Closed rockhazard closed 3 years ago
I tried encryption and decryption without any issues. Plus we do not have any msg like "Context was already finalized."
Is there any other database file in the same location?
I tried encryption and decryption without any issues. Plus we do not have any msg like "Context was already finalized."
Is there any other database file in the same location?
I created the db using an import operation When I encrypted it, it left the original plus the encrypted version. When I tried to unlock it, it gave me the second error, so I removed the original unencrypted db. This left me with one db. Then, when I tried again, it let me try a password, but failed to unlock it, showing the third error, even when I tried to lock a fresh copy with a very simple 1 letter password.
I did do a search on the error you mentioned, and I got a hit on a java library issue with the same wording (but without hte leading [ERROR] tag). But that didn't shed any light, as the target directory only has buku-related files in it.
When I encrypted it, it left the original plus the encrypted version.
Can you share the exact commands you used so I can reproduce this? When I tried to reproduce it, after locking I had only the encrypted file.

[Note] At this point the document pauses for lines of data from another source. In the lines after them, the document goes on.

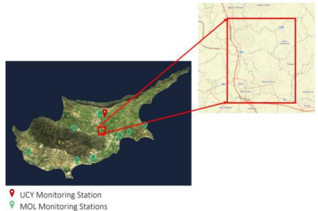
Εικόνα 2. Δίκτυο σταθμών παρακολούθησης αέρα στην Κύπρο [1]. Στο Δήμο Ιδαλίου δεν υπάρχουν εγκατεστημένοι σταθμοί μέτρησης.

Ο Δήμος Ιδαλίου παρόλη την ατμοσφαιρική ρύπανση παραμένει μια περιοχή όπου δεν υπάρχουν εγκατεστημένοι επίγειοι σταθμοί μέτρησης (βλέπε εικόνα 2), με απώτερο στόχο την ανίχνευση εισπνεύσιμων αιωρούμενων σωματιδίων και την έγκαιρη προειδοποίηση των κατοίκων.
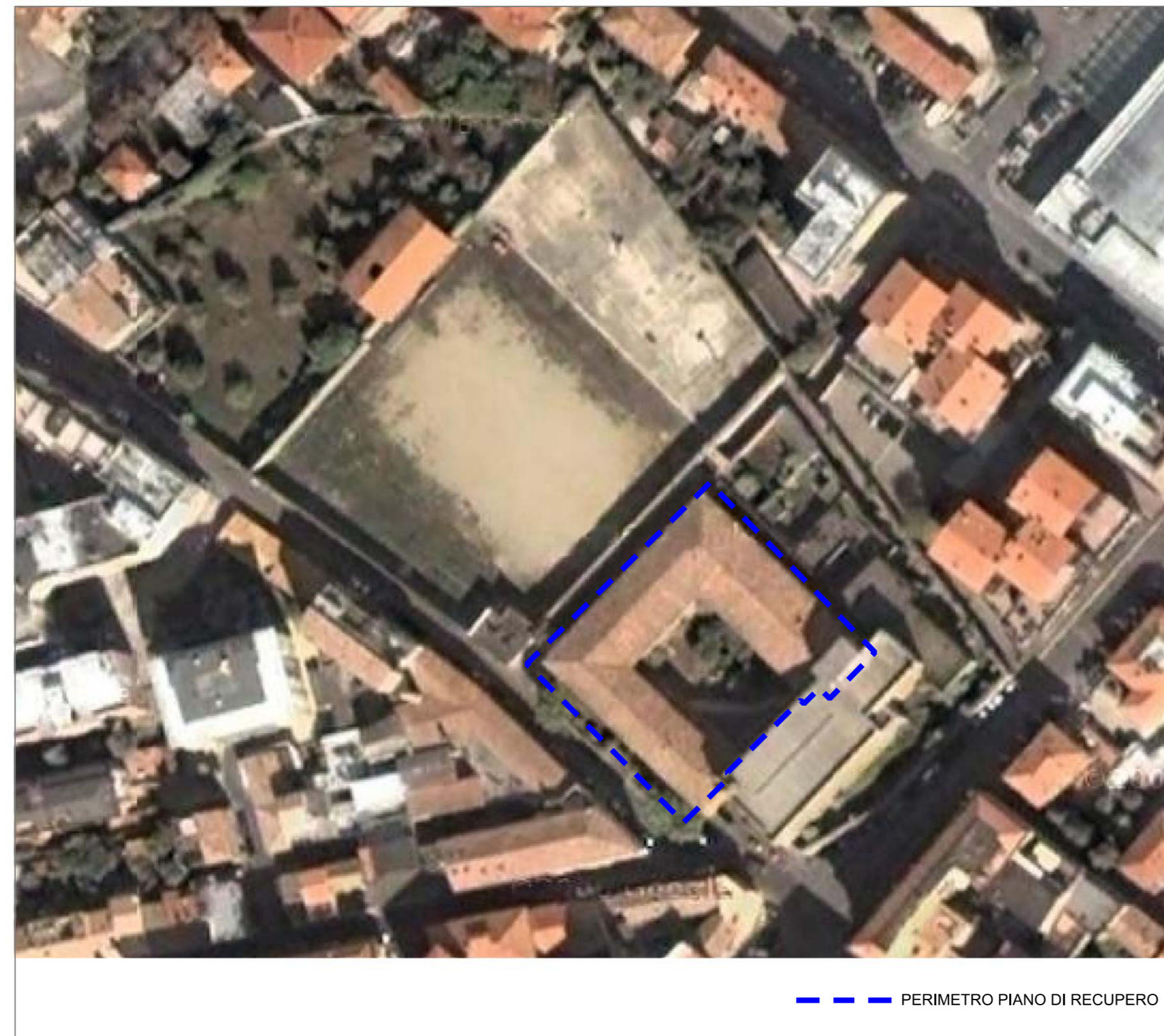
FOTO AEREA CENTRO STORICO DI PESARO
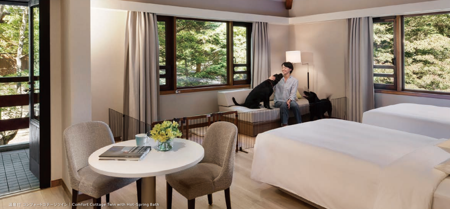
温泉付 コンフォートコテージツイン | Comfort Cottage Twin with Hot-Spring Bath
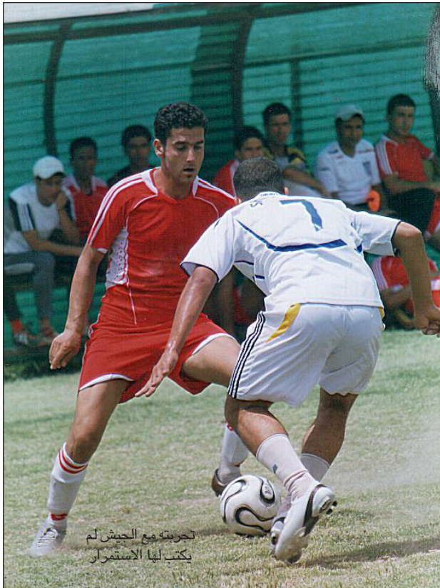
تجربته مع الجيش لم يكتب لها الاستمرار
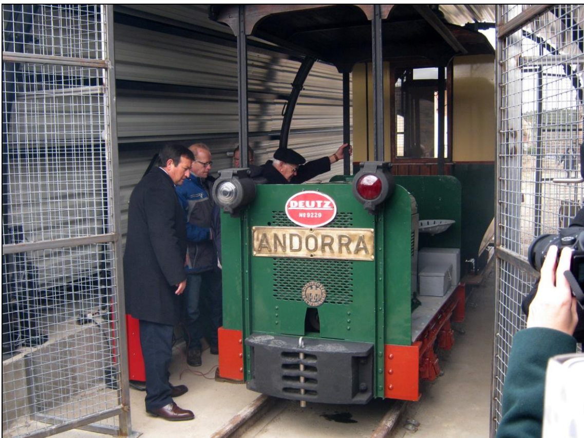
Figura 13: Preparativos para puesta en marcha de Locomotora Deutz 9229.
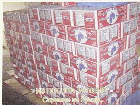
- ИЗ ПОГОНА „ИНТЕМА” Сремне за Русију
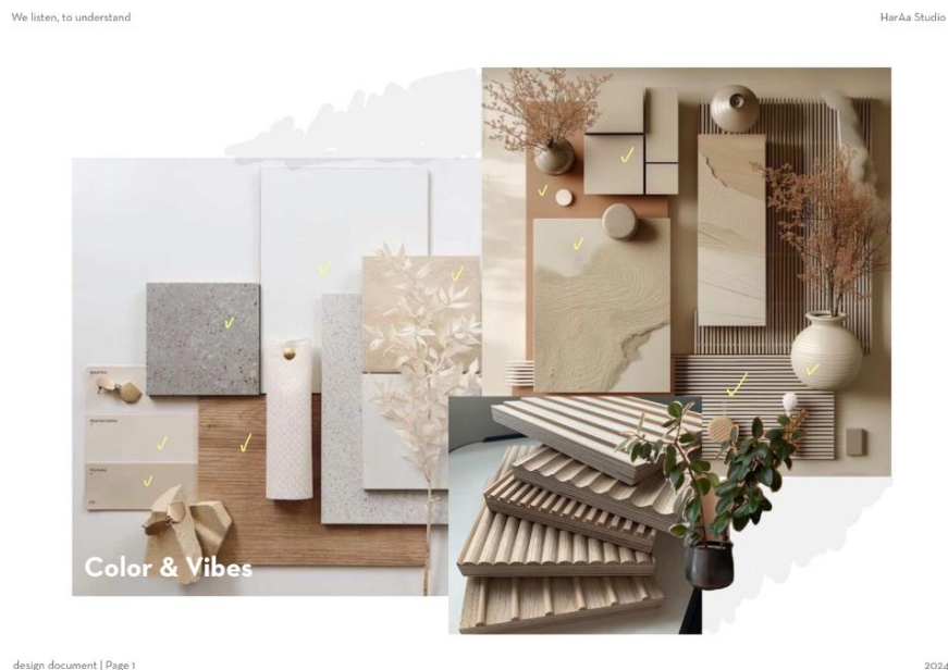
Gambar 1. 2 Moodboard untuk Home Office Gaya Japandi

Pembuatan moodboard didapatkan dari pinterest dengan kata kunci yang telah disesuaikan oleh kebutuhan dan keinginan klien. Pada perancangannya, Gaya japandi akan mendominasi seluruh ruangan yang ada. Selain itu juga pemilihan material dan warna didominasi oleh warna netral dan warna hangat yang diharapkan bisa melahirkan kesan homey .

I created the db using an import operation
Just wondering if you imported using sudo and later tried to encrypt as a normal user. As buku
would attempt to delete the original file it may fail in that case due to lack of permission,
I did not use sudo. However, I'm closing in on the problem. If I createa an empty db, encryption works without errors. As expected, when I add a single record it still works. However, if I import my Firefox json file the encryption stops working. My command sequenc is as follows:
I can then search the non-encrypted imported bookmarks, but I cannot open the enc db.
Thanks! I'll check this out.
Looks like the error was coming from the crypto module; https://stackoverflow.com/questions/59698196/cryptography-exceptions-alreadyfinalized-context-was-already-finalized
How many bookmarks did you have in the json? I had around 60 and i don't see this.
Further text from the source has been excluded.